Upon the evacuation of Captain McCalla who had had charge of the American sailors and Marines in Seymour's force, Major Waller assumed the command, and with the other allied troops waited for further reinforcements before undertaking the attack upon the strong Chinese positions within the ancient walled city in the center of Tianjin. Among the American reinforcements were the 1st Marine Regiment and elements of the 9th Infantry Regiment. These American troops together with the force commanded by Major Waller were placed under the command of Colonel R.L. Meade[?], USMC, whose organization was in turn brigaded with the Royal Welsh Fusiliers and a British naval force, under the overall command of Brigadier General Dorward of the British Army. The assault began on the morning of July 13, 1900, and was pressed hotly with very heavy casualties on both sides until the city fell to the allies on July 14.

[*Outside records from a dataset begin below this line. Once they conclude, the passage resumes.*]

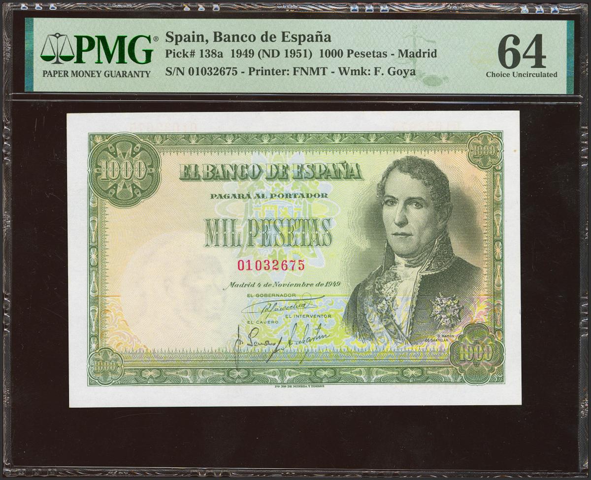 1000 Pesetas. 4 de Noviembre de 1949. Sin serie. (Edifil 2021: 458, Pick: 138a). Raro en esta excepcional calidad. SC. Encapsulado PMG64.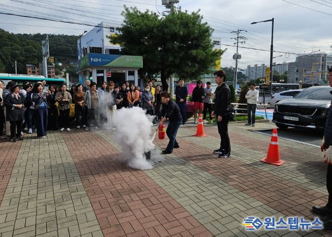 훈련은 화재 경보 발령을 시작으로 △화재 신고 △상황 전파 △대피 유도 △화재 진압 순으로 이뤄졌으며 소화기 사용법 실습도 함께 진행됐다.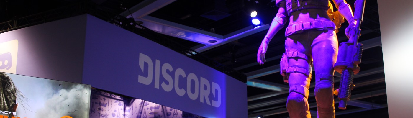 A typical view of a PAX West game booth, between the Ubisoft and Discord booths.
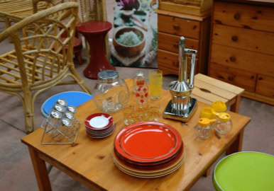 Dans le grand magasin, vous trouverez des meubles, de la vaisselle, des objets de décoration, des luminaires, des petis appareils électroménager, des jouets, … bref, un peu de tout !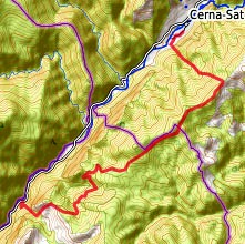 Cerna-Quelle/Izvoarele Cernei - zurück zur Brücke über die Cerna - kurz nach rechts, dann nach links in den Wald und auf Vieh- und Holzwegen Richtung SO auf den Bergkamm - oben nach rechts und konsequent auf dem Kamm Richtung SW, Markierung rotes Band - zunächst lange im Wald, dann über Hochweiden, bis der mit dem roten Dreieck markierte Wanderweg kreuzt - hier nach rechts und der Markierung auf Feld- und Waldwegen nach rechts hinunter ins Cerna-Tal folgen - Cerna-Dorf/Cerna-Sat (Übernachtung)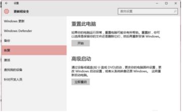 1、开始菜单菜单->设置->更新和安全->恢复。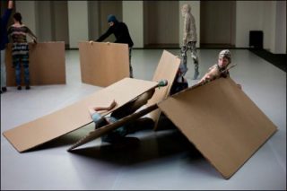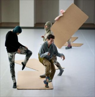 La superposition des actions des interprètes sur cette partition vocale fait naître des configurations d’une musicalité aussi inquiétante qu’incongrue, soulignant ainsi les thèmes de l’analogie et de l’obscurité de la pièce.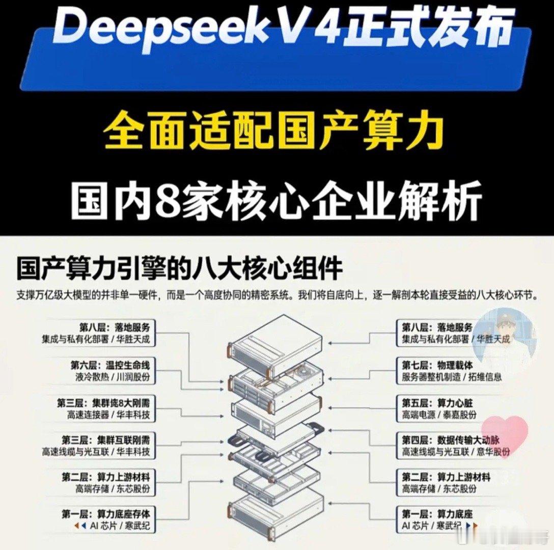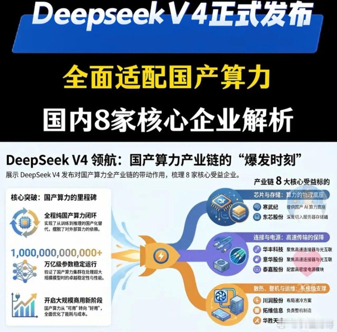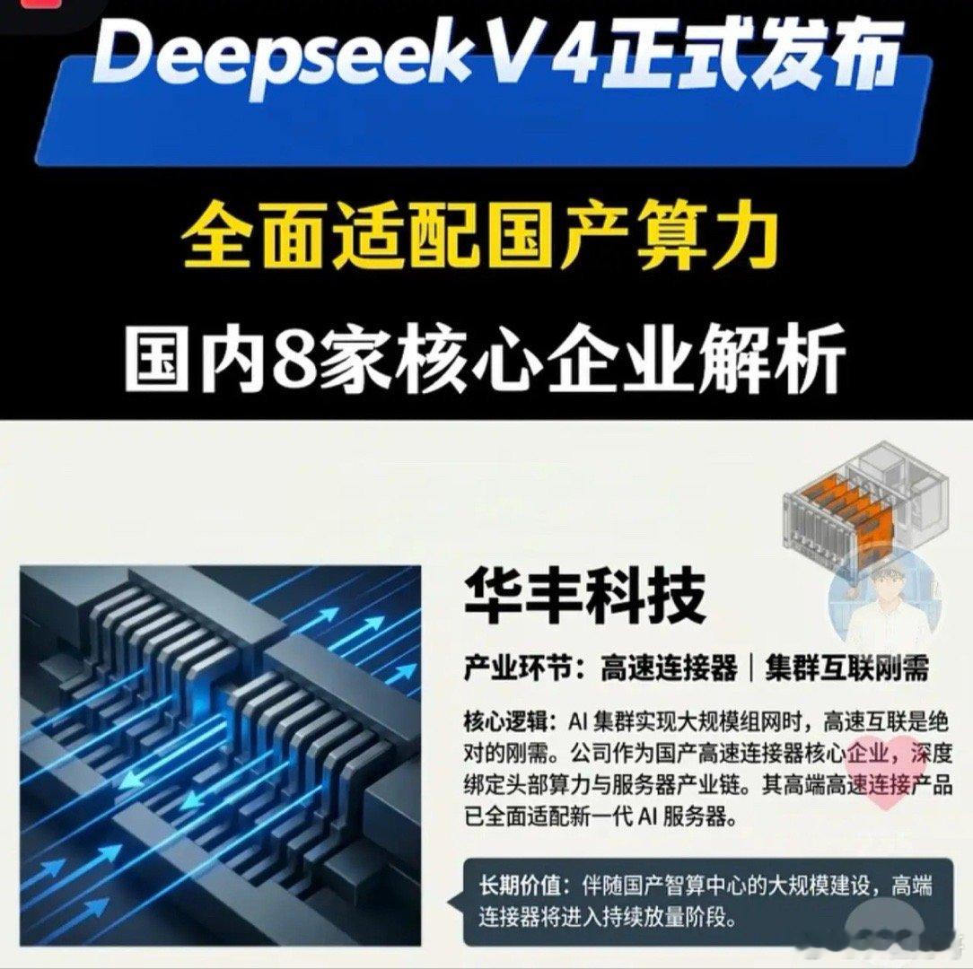 DS的V4亮相,验证的是国产算力产业链最核心的技术已经�突破并商业化。4月24日,当A股处于大调整好,DeepSeeK的V4版本发布了,大模型开源、好用、成本超低的优势,瞬间让与DS合作的公司股价暴涨。本人一直关注的华为昇腾板块大涨,持了三个多月的华丰科技、海光信息、长川科技、华虹公司落袋了,收获满满。国产算力产业链是今年算力板块的核心之一,后边还有好戏,要敢于在回调到位时又买回来的定力。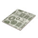 A vintage-inspired green toile seamless pattern ceramic tile featuring graceful deer resting and standing among winter foliage. The design includes evergreen trees, holly leaves, pinecones, and delicate snowflakes. This elegant and timeless illustration evokes a peaceful woodland Christmas scene.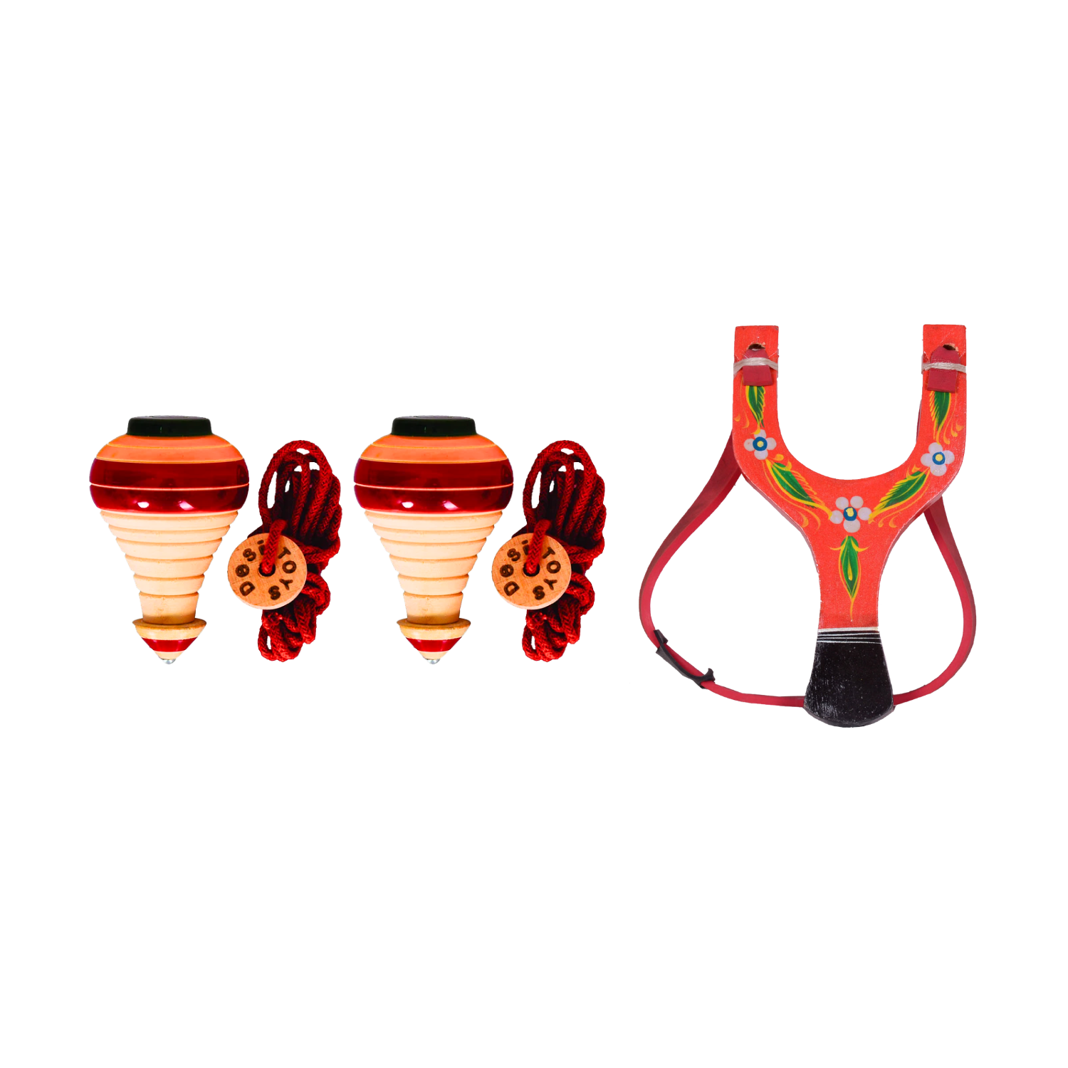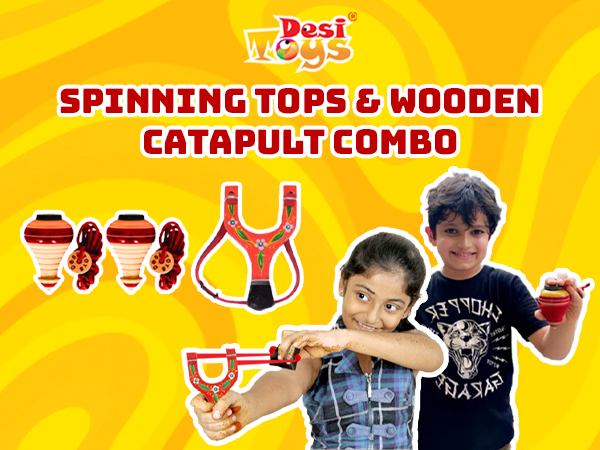 Spinning Tops/Lattu (Pack of 2) & Catapult/Gulel Combo Set | Wooden Toys | Collectible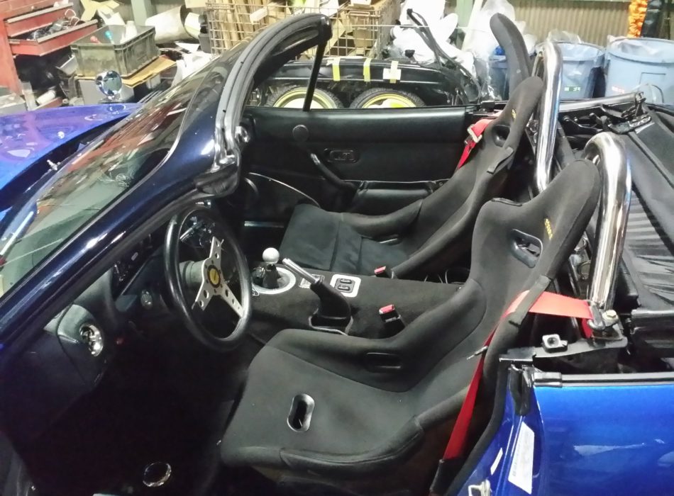 フロントバンパー、フロントスポイラー、リヤバンパー、リヤガーニッシュ、ダックテールスポイラー装着でシャープなボディーラインにしていきます。ボディーには若干の個体差が有る為取付には調整が必要となります。車高とホイールの選択幅を広げる為フェンダーの爪折り作業もします。幌、内装、エンジンなども取り外します。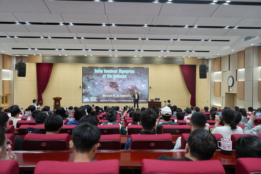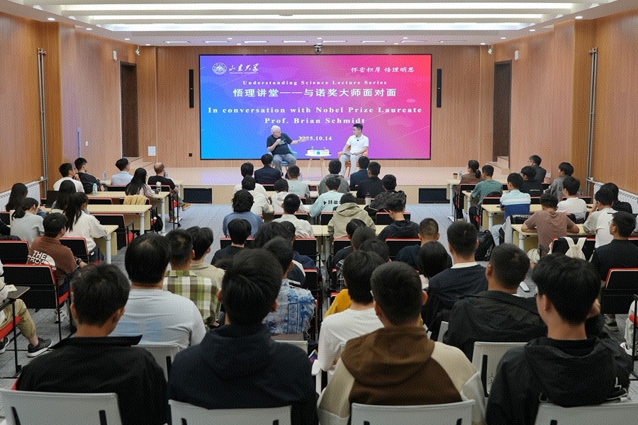 10月14日上午,布莱恩·施密特与山东大学澳国立联合理学院、空间科学与技术学院师生代表座谈。他从宇宙学新发现讲起,畅谈了个人成长经历和学术心得,勉励学子将科学作为有力工具,攻克气候变化等人类面临的共同难题。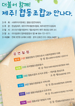 2012년 세계협동조합의 해를 맞아 마련된 이번 강좌는 사회투자지원재단, 협동조합연대회의가 주최하고 제주지역자활센터협회, 한살림제주, 제주대안연구공동체가 주관한다.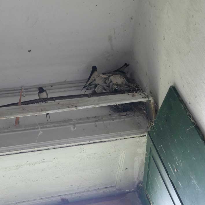 die Nest-Schwalben über uns sind nun ausgeflogen. Der Entzug der Nahrung macht sie flügge. Jetzt müssen sie raus. Die Grossen machen es vor, begleitend, im Kreis an der Decke des Raums wie es geht das Fliegen, mit erregten Lauten, und dann hinaus, Fenster, Glas, vorsicht, und Katze. Warum sie diesen Ort gewählt, so schwierig auch mit uns, der Abwurf des Kots aus dem Nest diesmal aufmerksam und rücksichtsvoll sehr gering, man kann im ersten Abflug auf den Vorhanganlagen entlang der Wand am Anfang immer wieder rasten.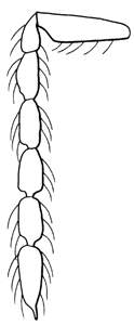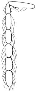 Flagellum stout; malar sulcus present, or weak and partly missing; thoracic dorsum moderately convex; scutellum 1.2X as long as wide; propodeum with two large anterolateral foveae, callus with 2-3 setae. Similar to articollum but without eye groove, with weak reticulation on frons, bare eyes, male scape yellowish-brown non metallic, postmarginal vein longer (PM/ST = 1.0), female with first gastral tergite longer (ratio length of first tergite/length of gaster rubii 0.6, articollum 0.3), shorter petiole (as long as width of base in female).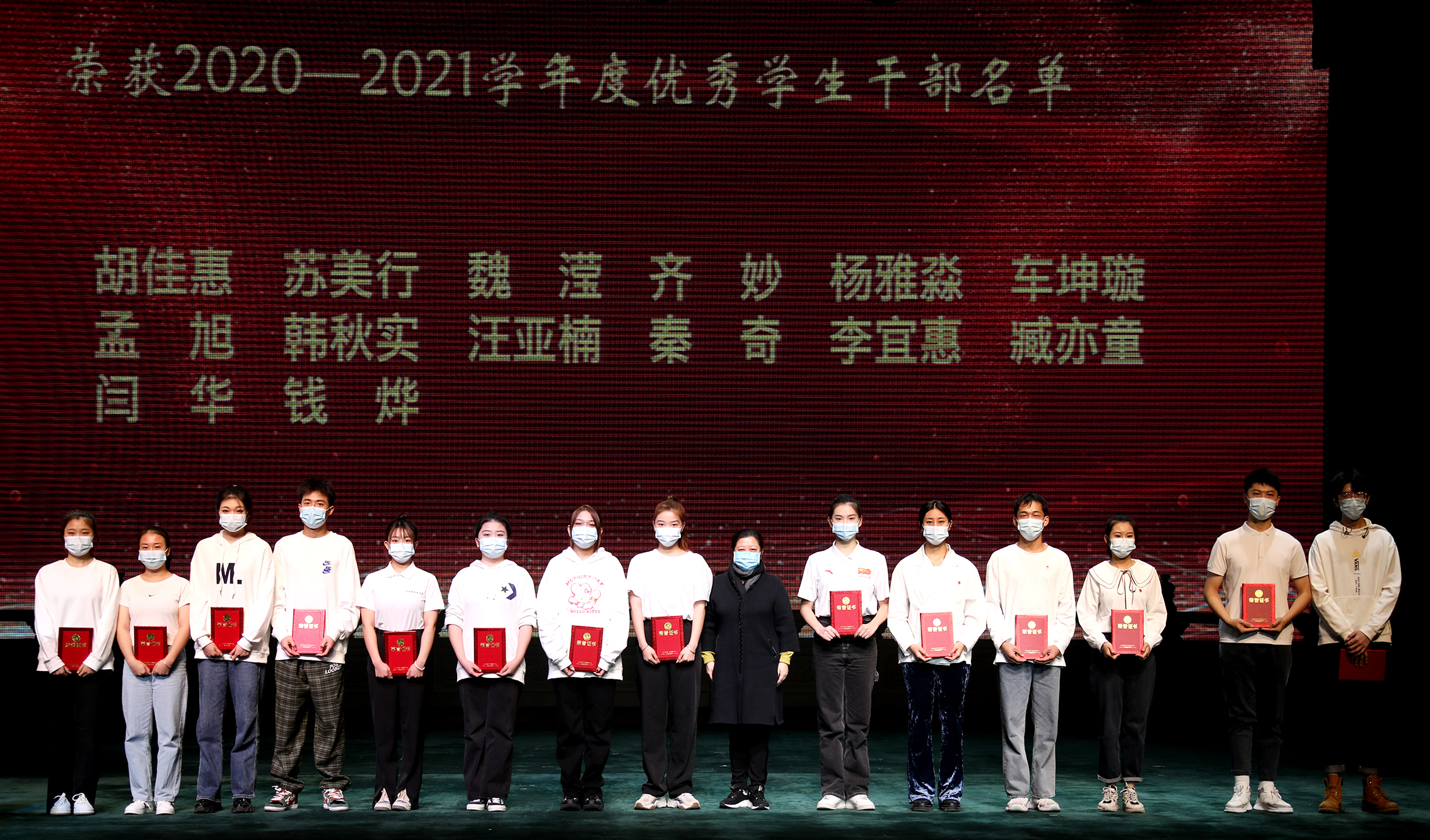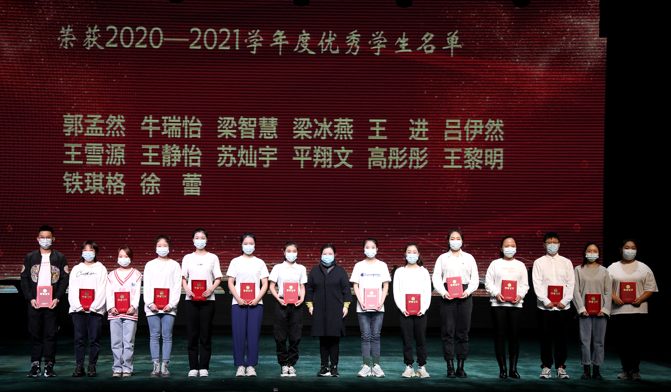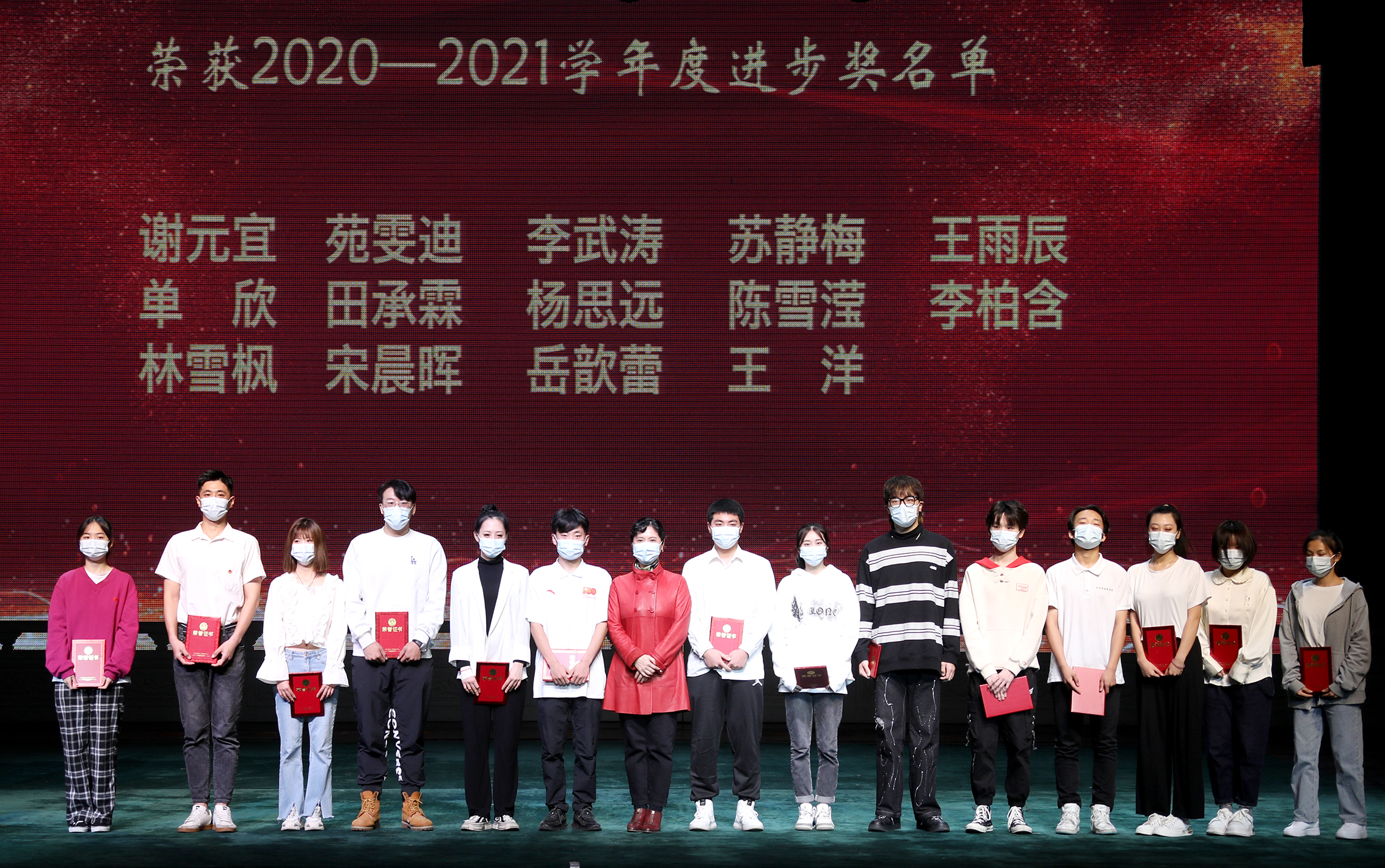 接下来,由学生处负责人副主任李洋老师宣布荣获2020—2021学年度进步奖、文化学习优胜奖、专业学习优胜奖、优秀团干部、优秀团员、优秀学生干部、优秀学生、先进团支部、优秀班集体、各类专业比赛、及创业比赛获奖决定,并由副院长许翠、吴蕾、党委副书记黄平、院长黄珊珊、党委书记毕兆炜分别为获奖的学生和班级体颁奖,表彰他们取得的优异成绩,期望同学们在新学期再接再厉,取得更大进步。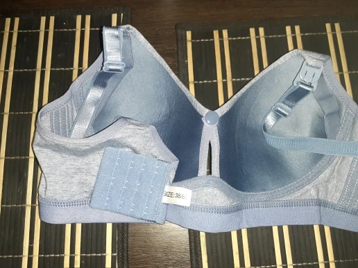 Хороший бюстгальтер. Мягкий, приятный. Обхват под грудью 80, взяла 36 размер. Но смело можно 34 было брать, тк застегиваю на самые первые крючки+ещё дополнительные в цвет положили. Обхват груди 87, Место для роста груди ещё осталось, сейчас беременна, 8 мес.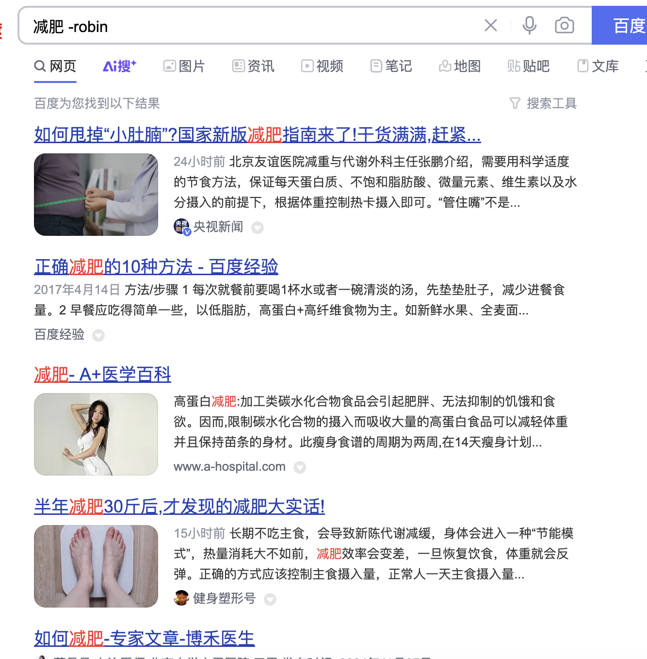| - (减号) | 排除包含某个关键词的结果 | AI -李彦宏 排除李彦宏相关结果 |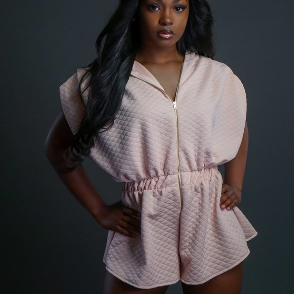 Pastel Pink Romper. Model is wearing a size Large. Note that this romper runs small. Please message for additional details.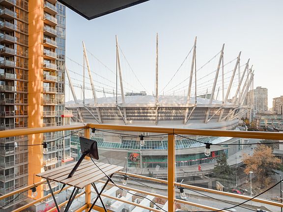 Great investment! This cozy 1 bed/1 bath + solarium & den condo with views of the City & BC PLACE is expertly laid out with open concept living and dining rooms, glossy white counters & appliances, laminate flooring and granite countertops. The Spectrum II has spa-like amenities in Club Ozone including indoor lap pool, sauna, steam room, fitness centre, party room and more. Boasting vast city views with a Costco below the building, the Skytrain station just across the street and Robson street 2 blocks away, you are right in the centre of everything! Yaletown, Rogers Arena, BC Place, Science World, Sea Wall, International Village and Tinseltown are all just steps away! A great place to live. Contact us to view.

By August 3 there were 18,000 Allied troops at Tianjin and a relief expedition started for Beijing, reaching the legations on August 14. Included among these troops was another battalion of Marines under the command of Major William P. Biddle[?] which arrived after the fall of Tianjin to take part in the relief expedition to the besieged allies in Beijing. With the arrival of Major General Chaffee, U.S. Volunteers, all American forces, including the Marines, were placed under his command. In the advance against the capital the Marines saw their principal actions on August 6 at Yang Tsun when they repulsed a Chinese cavalry attack and captured two villages; on August 13 in the attack on the wall of the Tartar City[?], Beijing, when two companies of Marines fought their way to within sight of the American Legation; and on August 14 when they led one of the attacking columns in the initial stage of the action and forced their way into the Imperial City. On August 14 the government fled, and the beleaguered foreigners were relieved. After the fighting was over, the Marines took up quarters in the Tartar City until they withdrew from Beijing on September 23, 1900, preparatory to their return to the Philippines.